Estos tesoros: manuscritos, incunables y primeras ediciones, algunos de ellos con anotaciones al margen, no sólo son amuletos mágicos, contenedores de historias que han sido repetidas durante siglos por un pueblo cuyos reyes controlaron el destino del mundo occidental (La Celestina tuvo una influencia trascendental en las formas de escribir del siglo XV, no sólo en los reinos de la península ibérica, lo mismo en Francia, en la península italiana y más allá); también son el certificado de calidad de un idioma que llega al  presente siglo constituído en uno de los de mayor prestigio y crecimiento.

 

O’Neill utiliza un delicado peso forrado en cuero para sostener las páginas abiertas, mientras el libro se desliza alrededor de la mesa y nuestros ojos se apoyan en esas historias que, extraña virtud, hoy nos siguen conversando. Algunas de ellas tuvieron tanto poder que convocaron a tribus lejanas (pienso en Jonathan Swifft, que leyó a Don Quijote y empezó a pensar en las aventuras de su Gulliver).
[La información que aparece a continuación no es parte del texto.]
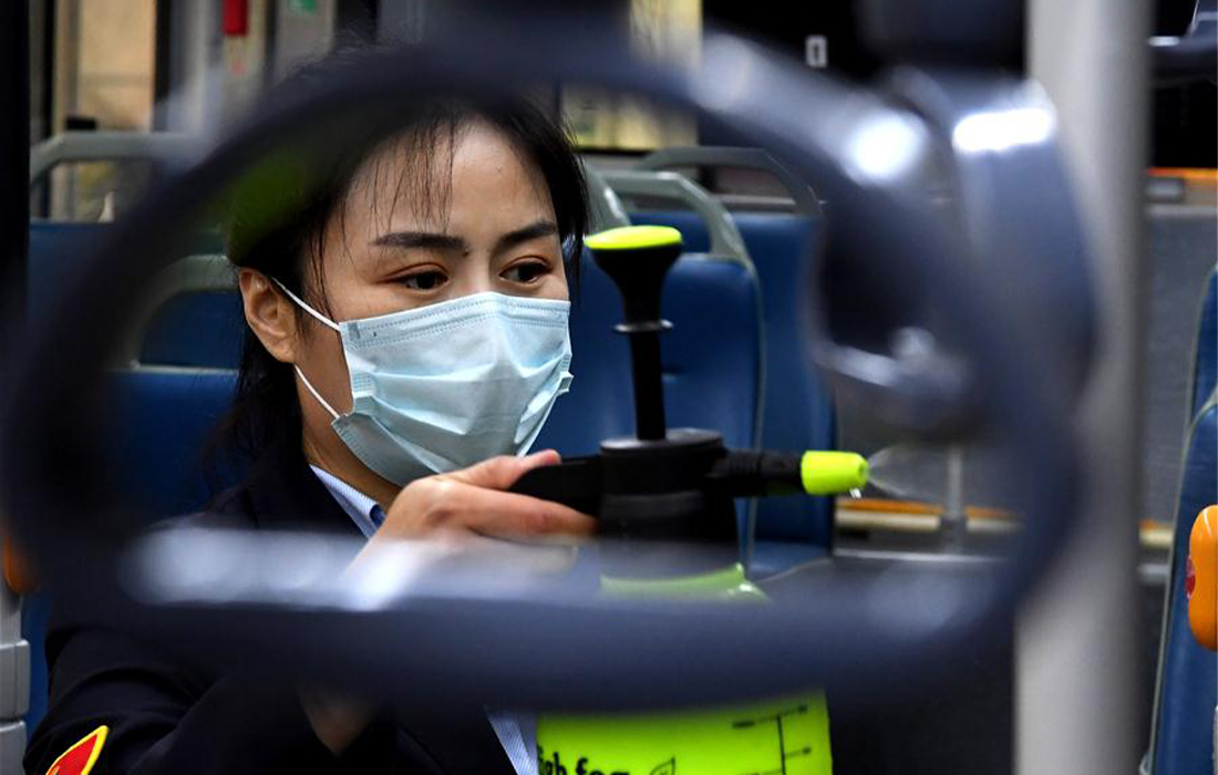 Huang Fei disinfects the bus before starting a day's work in Zhengzhou, central China's Henan Province, Feb 24, 2020. Huang Fei, a bus driver born in 1986, conducts a variety of measures to safely facilitate the travel of people during the epidemic control period. Photo: Xinhua figcaption >
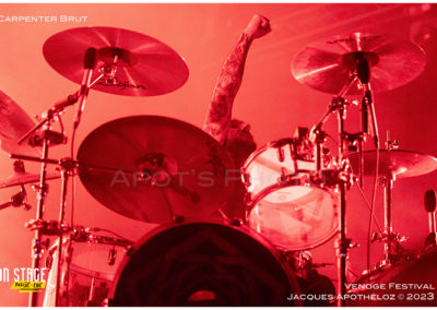 23h, dernier groupe de la soirée, Carpenter Brut. Le début du concert est très spectaculaire, tout en lumière, un light show incroyable ! La suite … manque un peu de chant … ! Heureusement … y’a des vrais musiciens !
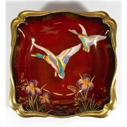 Carltonware Rouge Royale square dish, hand painted and gilded with mallards above flowers, printed marks and paper label to back, 19cm long
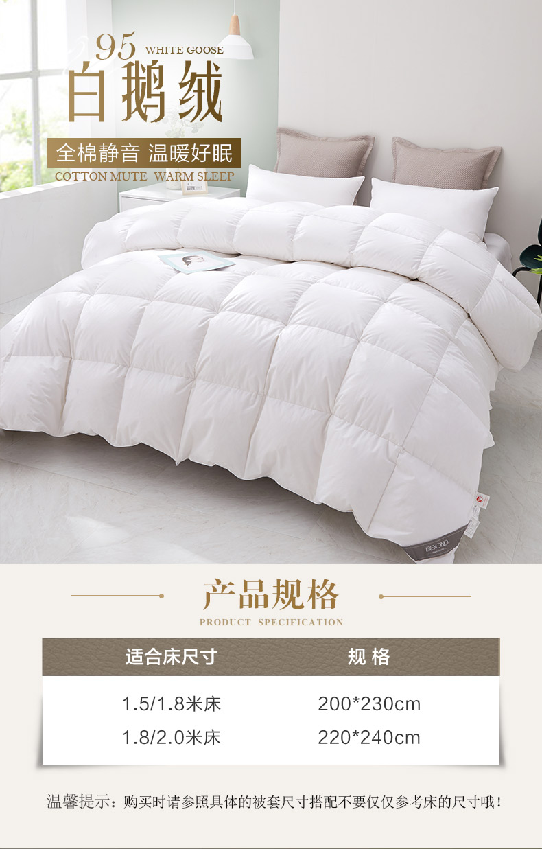 商品名称:博洋羽绒被95白鹅绒被保暖被芯单双人加厚冬季保暖全棉被子鹅绒被
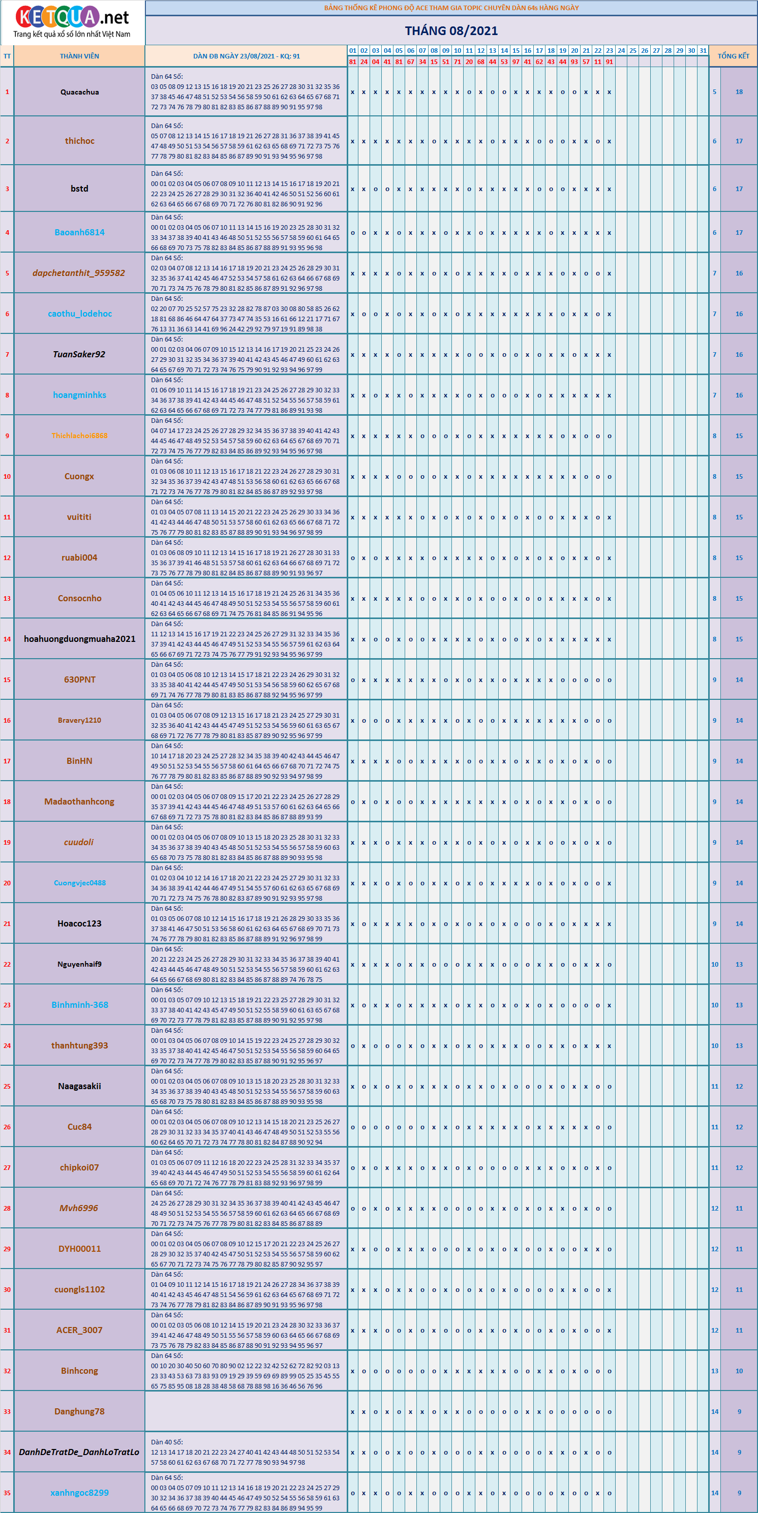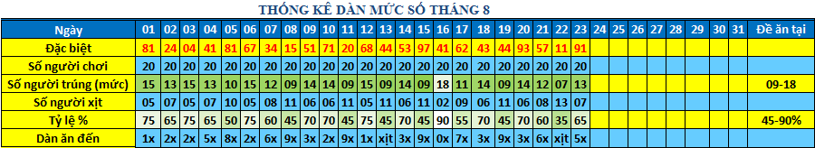 DÀN ĐẶC BIỆT XSMB 64S THÁNG 8/2021
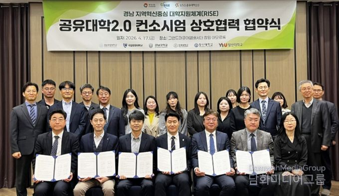 시민행정신문 강갑수 기자 | 경상국립대학교 라이즈(RISE) 사업단 지역교육혁신센터는 4월 17일 창원 그랜드머큐어호텔에서 ‘공유대학2.0 컨소시엄 과제’ 참여대학 간 상호 협력 협약(MOU)을 체결했다.
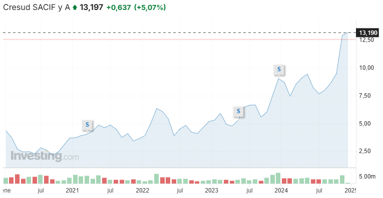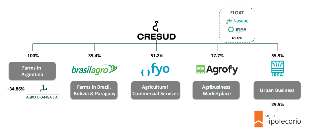 Cresud is an Argentine conglomerate focused on the agricultural sector. It operates a diversified business model that combines agricultural production with a strategic real estate approach. The company owns approximately 880,000 hectares, of which 106,000 are leased, used for cultivating soybeans, corn, sugarcane, and livestock farming. Additionally, it actively engages in land acquisition and development to later sell it at a higher price, following a rotational real estate model. As a conglomerate, Cresud also holds significant stakes in other publicly traded companies, such as BrasilAgro ($LND) and IRSA ($IRS).
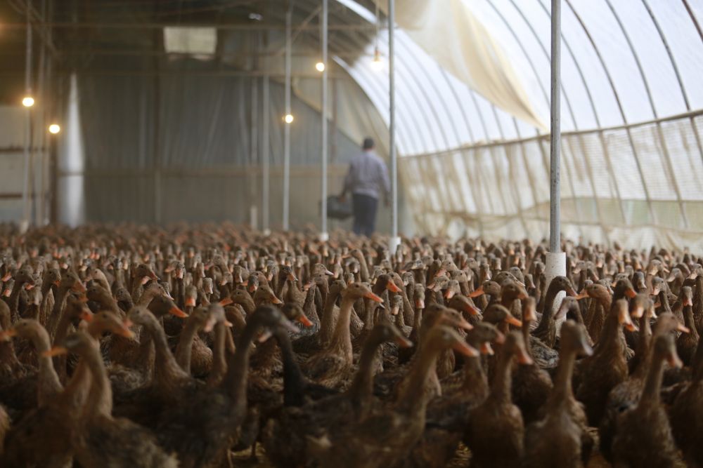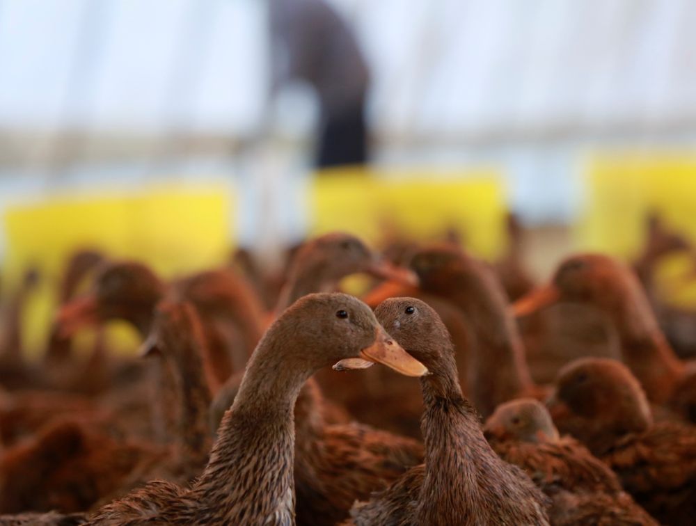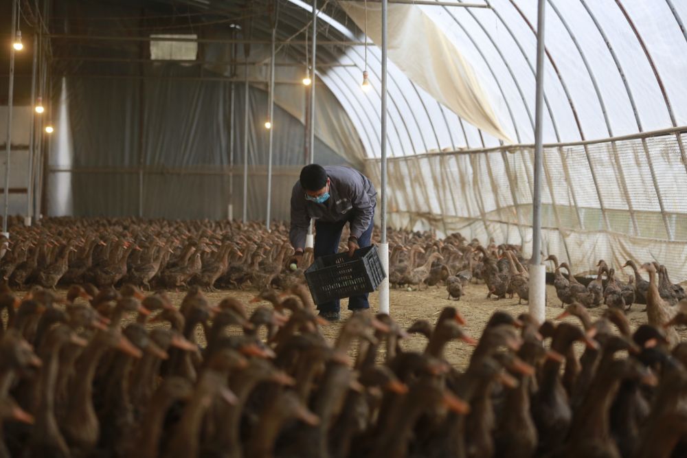 甘肃省天水市秦安县立足脱贫攻坚实际,在天津市津南区和大连商品交易所的帮扶下,通过“党支部+公司+基地+合作社+农户”的模式,打造蛋鸭养殖和深加工产业,拓宽农民增收渠道,为全县的脱贫攻坚提供有力保障。新华社发(杜哲宇摄)
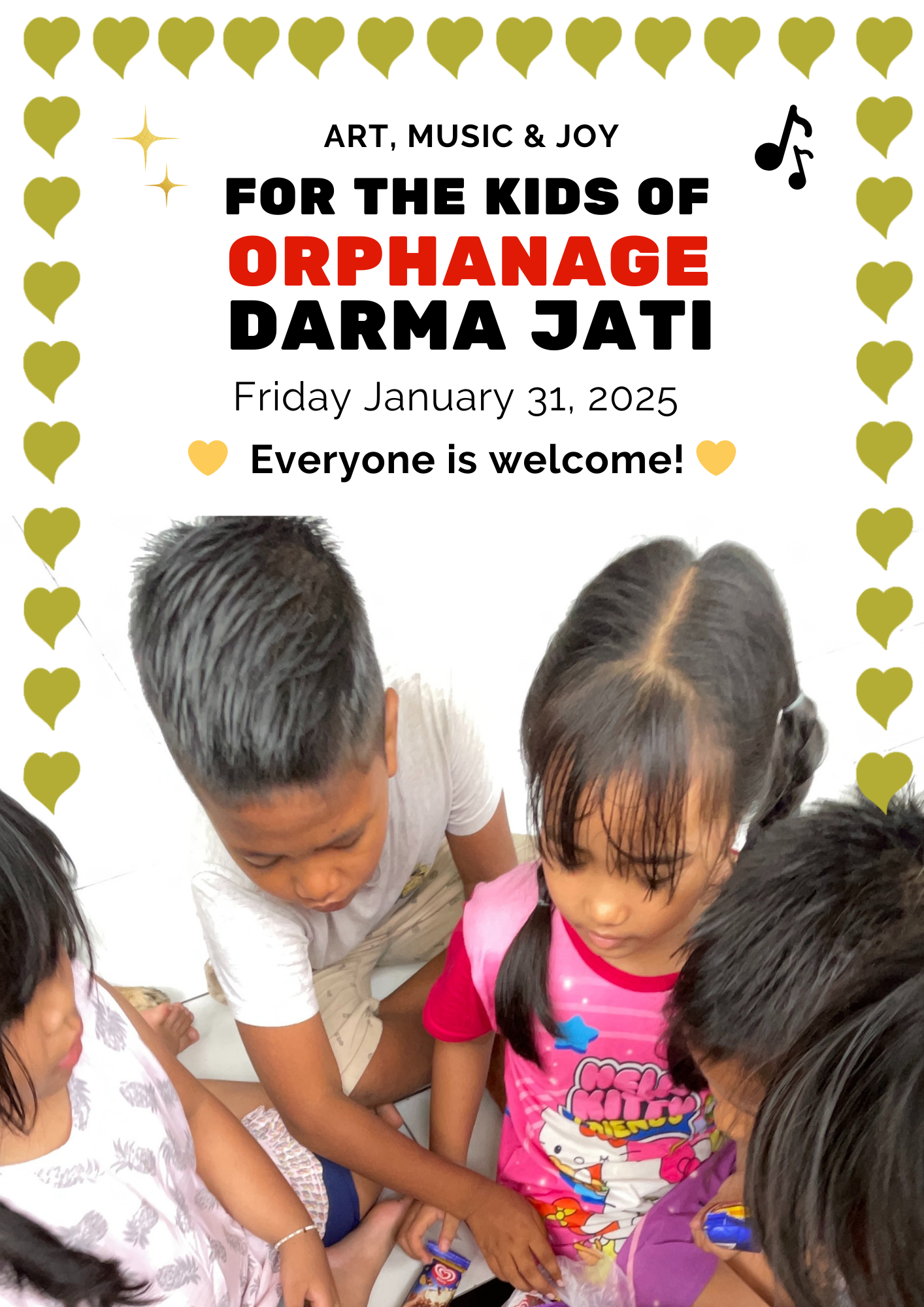 Join us as we bring love, creativity, and support to the incredible children of the Bali orphanage. Together, we’ll create art, share music, and enjoy meaningful moments. This day is about giving back, connecting with our hearts, and making a lasting impact. Let’s make it unforgettable!

Se nos enseñan detalles de La Celestina que nunca se pudieron ver en la edición facsimilar, tomamos el pequeño texto encuadernado del Lazarillo de Tormes y lo leemos, apreciamos los colores de unos dibujos muy elementales, sobre un papel hecho con fibra de maguey, de un pueblo cuyos habitantes acababan de presenciar el derrumbe de un imperio que de allí para adelante se llamaría azteca.

 

Por último, develando el misterio detrás de una cortina que lo ha protegido durante las horas de nuestra reunión, aparece el famoso mapamundi de Juan Vespucci, de 1526, donde los galeones descansan en un espacio de mar frente a las tierras que España ha descubierto. Sobre el Caribe destaca una punta de tierra que ya lleva en buena letra la inscripción: Floryda. Hacia la derecha, en el oeste, llama mi atención un espacio en blanco, no definido aún, a la espera de las expediciones de Pizarro y de otros cazadores de fortuna.

 

Al salir de aquel lugar, Newyópolis tiene otra luz. El Cid sigue sobre Babieca, las hojas de los árboles sobre Broadway cambian de color, los libros españoles descansan en su caja.